The contraindications for IPL and LLL treatment in our study were as follows: pregnancy, epilepsy, piercings in the treatment area, photosensitizing drugs, skin cancer history in the treatment area, keloid history, psoriasis, vitiligo, lupus disease, or another connective tissue disease, herpes zoster infection, skin photo Fitzpatrick type VI and toxin botulinum 1 week before and 2 weeks after treatment.
Patients who missed a treatment session or clinical evaluation were included in “loss to follow-up” and they were excluded from outcome analysis.
All treatments were carried out by four doctors (AM, PMB, JHM, and IB). In all patients, Eye-light® and the MY MASK-E® (Espansione Marketing S.p.A., Bologna, Italy) were used for IPL and LLL treatment, respectively (Table 1).
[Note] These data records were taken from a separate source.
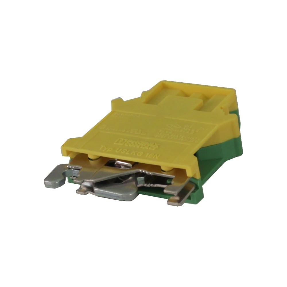 Заземляющий зажим SP-Terminal для соединения устройств грозозащиты с землей. Монтаж на DIN-рейку. Размеры (ШхВхГ): 12x43x52мм. Рабочая температура: -40…+80°С.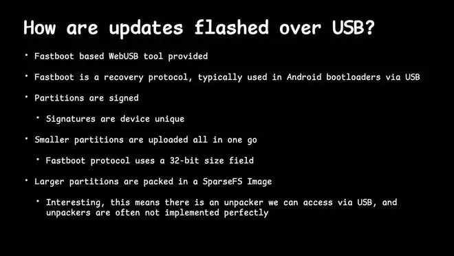 Katze首先将突破口瞄准了设备的Fastboot协议。经过分析,她发现该协议基于英伟达(NVIDIA)提供的开源代码实现。在仔细审计代码后,她敏锐地发现了两处关键漏洞: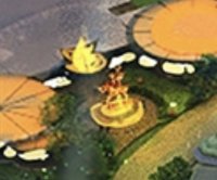 I see a character on a horse in front of the building....or I guess that could be flames around the horse.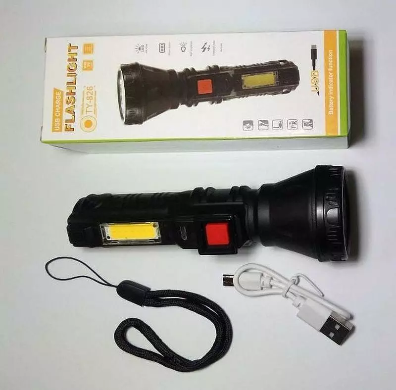 Фонарь, упаковка, кабель usb, шнурок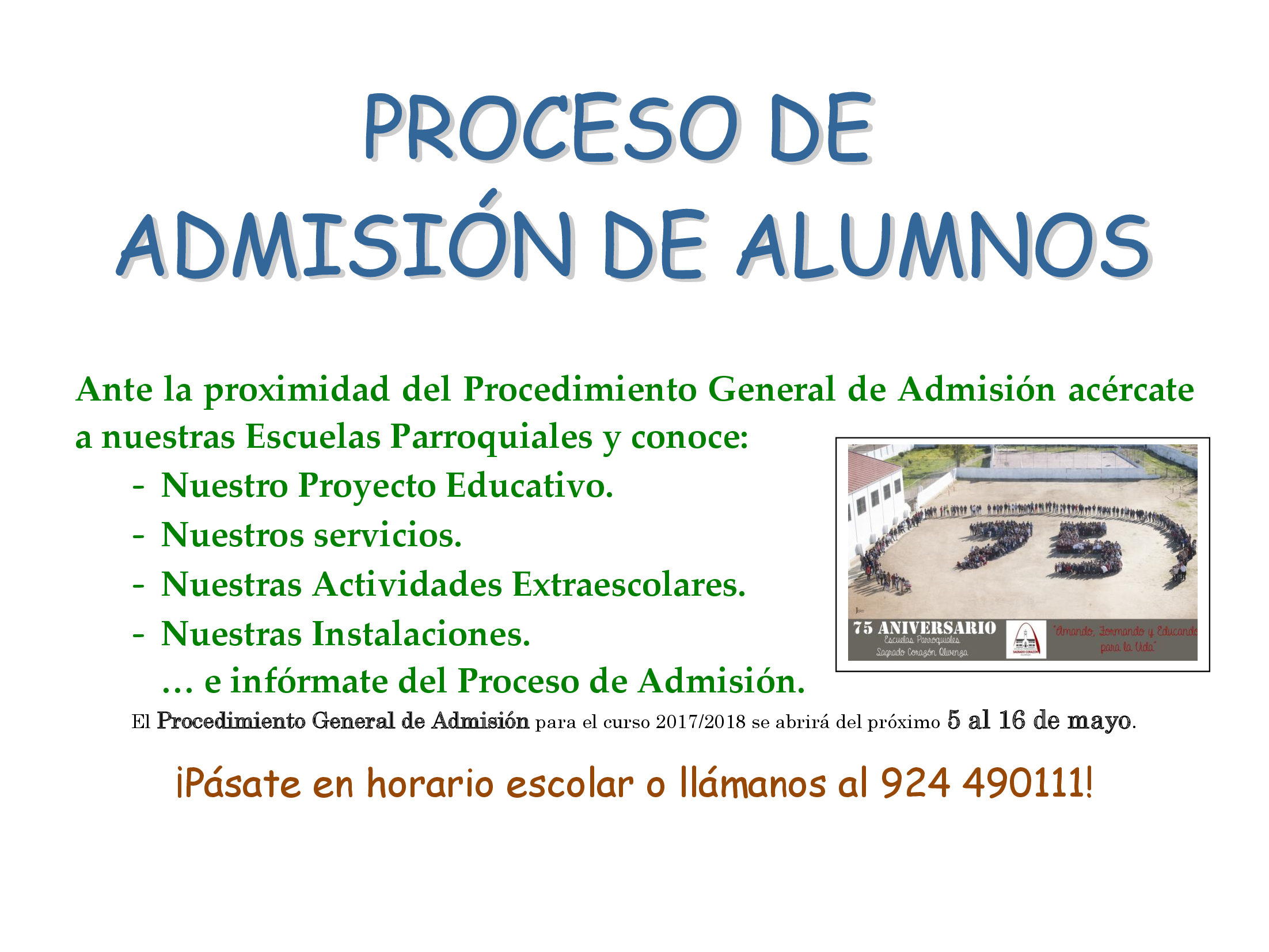 PROCESO DE ADMISIÓN DE ALUMNOS Ante la próximidad del Procedimiento General de Admisión, acércate a nuestras escuelas parroquiales y conoce: – Nuestro proyecto educativo</br> – Nuestros servicios</br> – Nuestras actividades extraescolares</br> – Nuestras instalaciones</br> … e informaté del Proceso de Admisión. El Procedimiento General de Admisión para el curso 2017/2018 se abrirá del próximo 5…

The level of energy delivered is automatically customized for each patient, and the device’s algorithm determined it according to two parameters introduced in the device by the doctor: the degree of skin pigmentation (subjectively evaluated with skin Fitzpatrick scale) and the severity of dry eye (determined by ME-CHECK® Screening). ME-CHECK is a device that analyzes the automatic calculation of meibomian gland patency percentage and the automatic OSDI-6 questionnaire, assigning a severity level of dry eye in the end.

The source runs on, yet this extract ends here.